Action item: If you see a picture in the data below, omit it and copy the rest exactly.

Data extract:
******

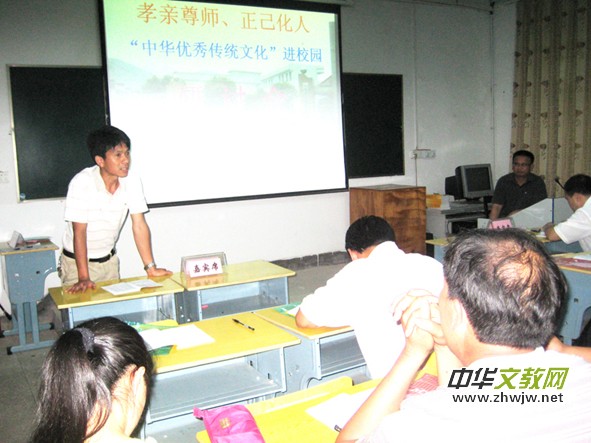 該校于2011年初獲批了國家教師科研基金“十二五”規(guī)劃全國重點(diǎn)課題《中小學(xué)學(xué)力素質(zhì)水準(zhǔn)新課堂教學(xué)與研究》子課題《挖掘?qū)W科潛能,培養(yǎng)學(xué)生良好行為品質(zhì)》研究。在課題組長黃富淵校長的帶領(lǐng)下,各學(xué)科教師八仙過海,各顯神通,充分發(fā)揮本學(xué)科德育因素,以學(xué)習(xí)中華優(yōu)秀傳統(tǒng)文化《子弟規(guī) 》為載體,把培養(yǎng)學(xué)生良好行為品質(zhì)活動開展得轟轟烈烈、有聲有色。每天利用20分鐘晚讀組織學(xué)生選讀《大學(xué)》《論語》《弟子規(guī)》《增廣賢文》等名句、名段;平時(shí)讓學(xué)生觀看精心制作的《弟子規(guī)》“24”孝板報(bào),并組織討論、引導(dǎo)踐行:回家給父母倒水洗腳,分擔(dān)家務(wù);在校為教師辦公室擦洗門窗,同學(xué)之間互相禮讓;走出校門到古城去做義務(wù)勞動等;校園內(nèi)外,好人好事,蔚然成風(fēng),因而博得政府、群眾的感動和好評。為鼓勵和嘉獎師生大力宣傳、踐行中華傳統(tǒng)文化行為,該鎮(zhèn)首富李懷芳、黃春風(fēng)等組織其它愛心人士共捐資2.5萬元,為學(xué)校購買大型彩電、音響,印制《弟子規(guī)》4000多本,刻錄光盤3000多張,免費(fèi)贈送給鎮(zhèn)內(nèi)中小學(xué)師生及廣大群眾。
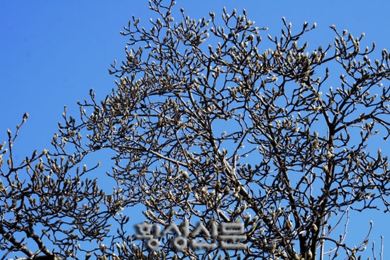 봄의 시작을 알리려는 듯 목련이 수줍게 꽃봉오리를 터트릴 준비를 하고 있다. 횡성읍 읍상리 한 가정집 담장에 목련나무가 화사한 자태를 뽐내고 있다.
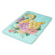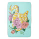 Un Python albino jaune se déplace autour de roses roses et pêche dans un arrière-plan turquoise.

******

Response to the task:
 該校于2011年初獲批了國家教師科研基金“十二五”規(guī)劃全國重點(diǎn)課題《中小學(xué)學(xué)力素質(zhì)水準(zhǔn)新課堂教學(xué)與研究》子課題《挖掘?qū)W科潛能,培養(yǎng)學(xué)生良好行為品質(zhì)》研究。在課題組長黃富淵校長的帶領(lǐng)下,各學(xué)科教師八仙過海,各顯神通,充分發(fā)揮本學(xué)科德育因素,以學(xué)習(xí)中華優(yōu)秀傳統(tǒng)文化《子弟規(guī) 》為載體,把培養(yǎng)學(xué)生良好行為品質(zhì)活動開展得轟轟烈烈、有聲有色。每天利用20分鐘晚讀組織學(xué)生選讀《大學(xué)》《論語》《弟子規(guī)》《增廣賢文》等名句、名段;平時(shí)讓學(xué)生觀看精心制作的《弟子規(guī)》“24”孝板報(bào),并組織討論、引導(dǎo)踐行:回家給父母倒水洗腳,分擔(dān)家務(wù);在校為教師辦公室擦洗門窗,同學(xué)之間互相禮讓;走出校門到古城去做義務(wù)勞動等;校園內(nèi)外,好人好事,蔚然成風(fēng),因而博得政府、群眾的感動和好評。為鼓勵和嘉獎師生大力宣傳、踐行中華傳統(tǒng)文化行為,該鎮(zhèn)首富李懷芳、黃春風(fēng)等組織其它愛心人士共捐資2.5萬元,為學(xué)校購買大型彩電、音響,印制《弟子規(guī)》4000多本,刻錄光盤3000多張,免費(fèi)贈送給鎮(zhèn)內(nèi)中小學(xué)師生及廣大群眾。
 봄의 시작을 알리려는 듯 목련이 수줍게 꽃봉오리를 터트릴 준비를 하고 있다. 횡성읍 읍상리 한 가정집 담장에 목련나무가 화사한 자태를 뽐내고 있다.
 Un Python albino jaune se déplace autour de roses roses et pêche dans un arrière-plan turquoise.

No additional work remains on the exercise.